→ **Required action**: Span requested from the data below: the line with "同誌に掲載されたファッション" through the line with "Keep life simple", both included. Give only these lines again, exactly, and leave every picture out.

→ **Material provided**:

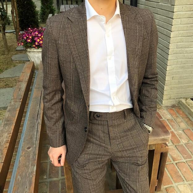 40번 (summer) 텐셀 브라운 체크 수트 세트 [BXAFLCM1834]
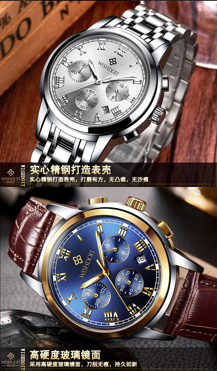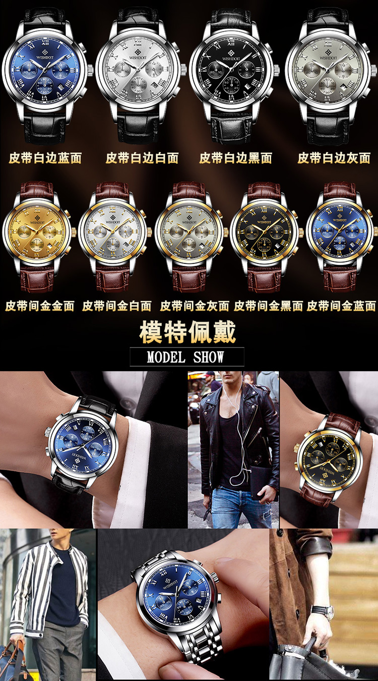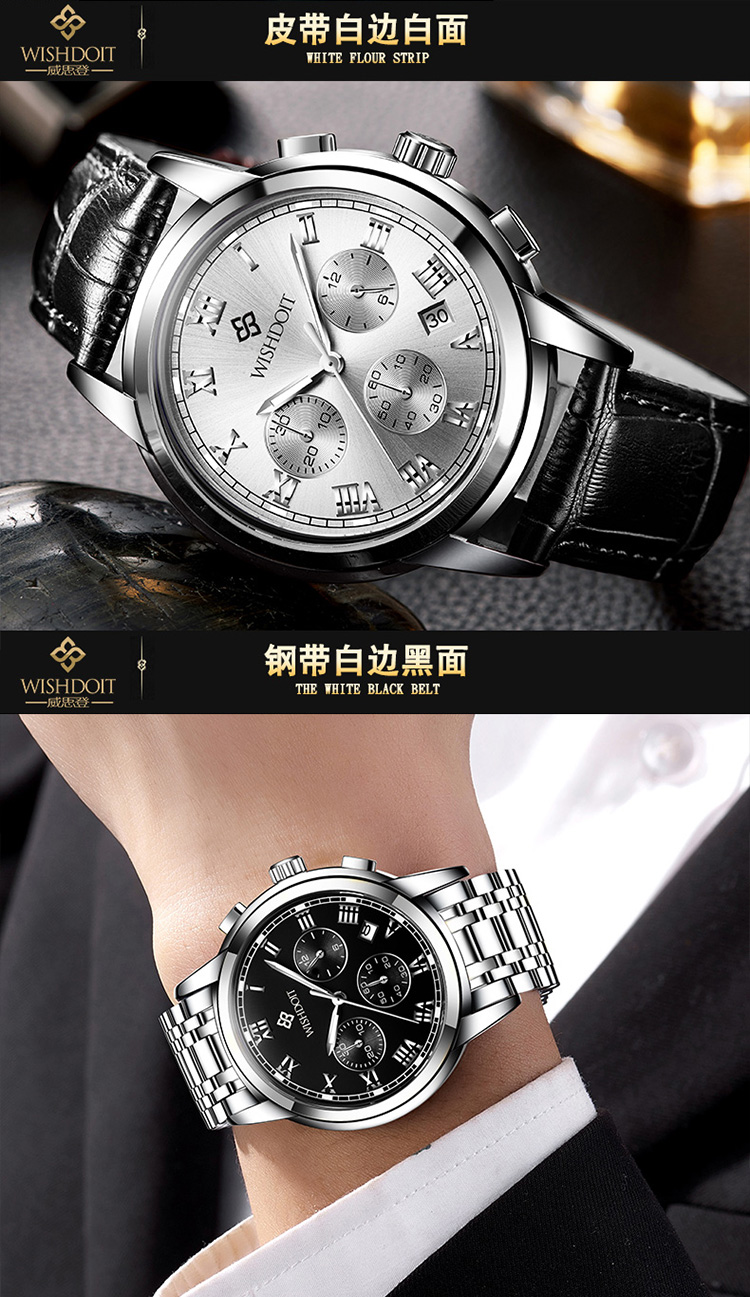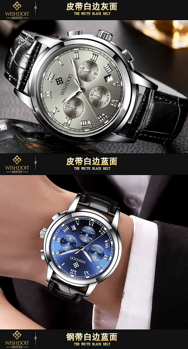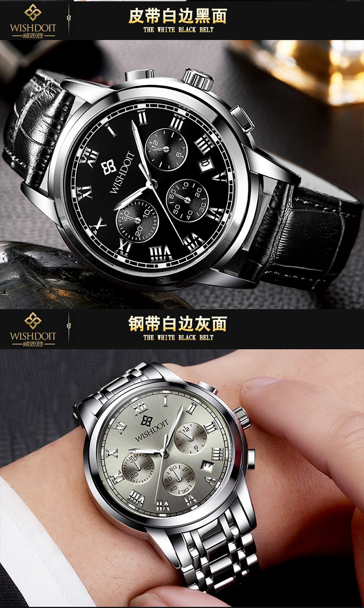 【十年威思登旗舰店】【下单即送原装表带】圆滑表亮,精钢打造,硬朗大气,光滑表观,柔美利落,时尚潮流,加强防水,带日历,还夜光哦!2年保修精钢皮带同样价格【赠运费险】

* * *

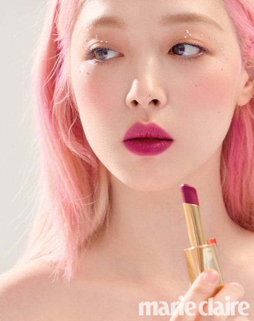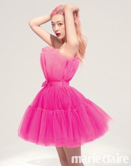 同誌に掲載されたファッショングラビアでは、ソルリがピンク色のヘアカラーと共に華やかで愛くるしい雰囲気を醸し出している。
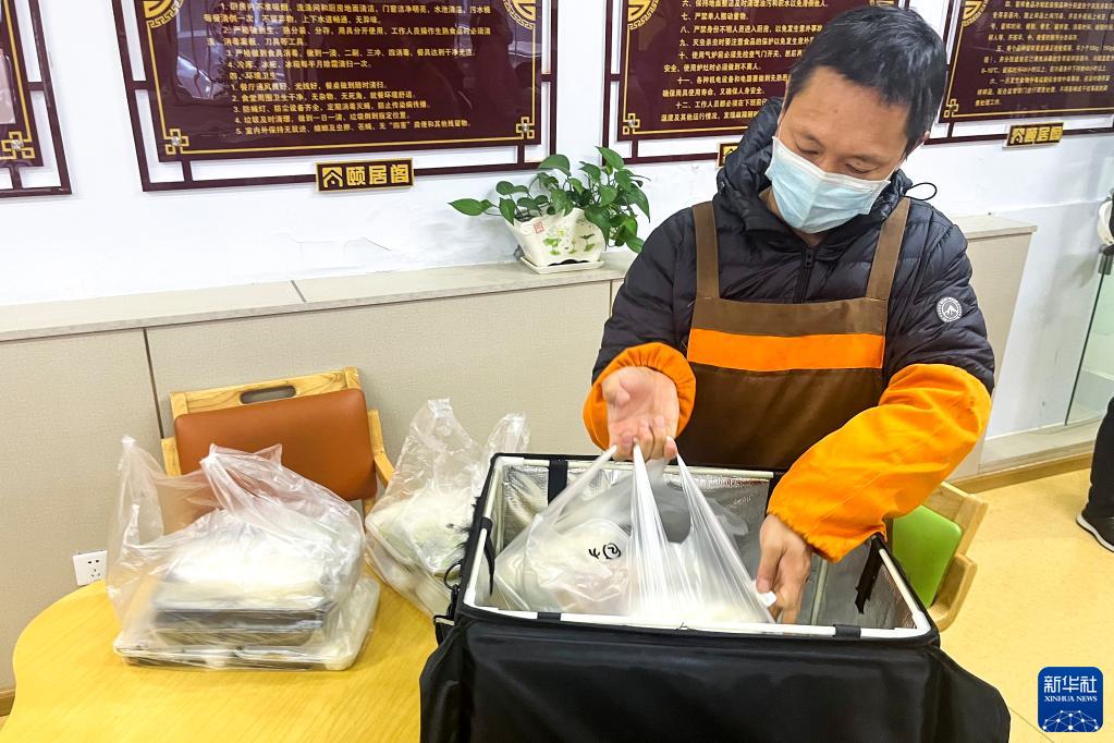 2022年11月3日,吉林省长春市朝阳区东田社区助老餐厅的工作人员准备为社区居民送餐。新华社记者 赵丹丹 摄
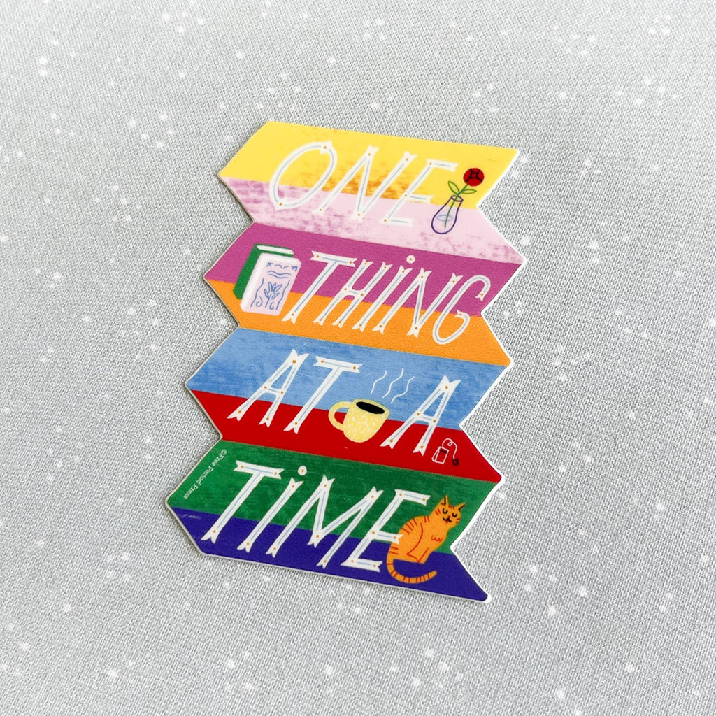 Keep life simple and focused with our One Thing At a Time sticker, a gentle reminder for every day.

→ **Solution for this task**:
 同誌に掲載されたファッショングラビアでは、ソルリがピンク色のヘアカラーと共に華やかで愛くるしい雰囲気を醸し出している。
 2022年11月3日,吉林省长春市朝阳区东田社区助老餐厅的工作人员准备为社区居民送餐。新华社记者 赵丹丹 摄
 Keep life simple and focused with our One Thing At a Time sticker, a gentle reminder for every day.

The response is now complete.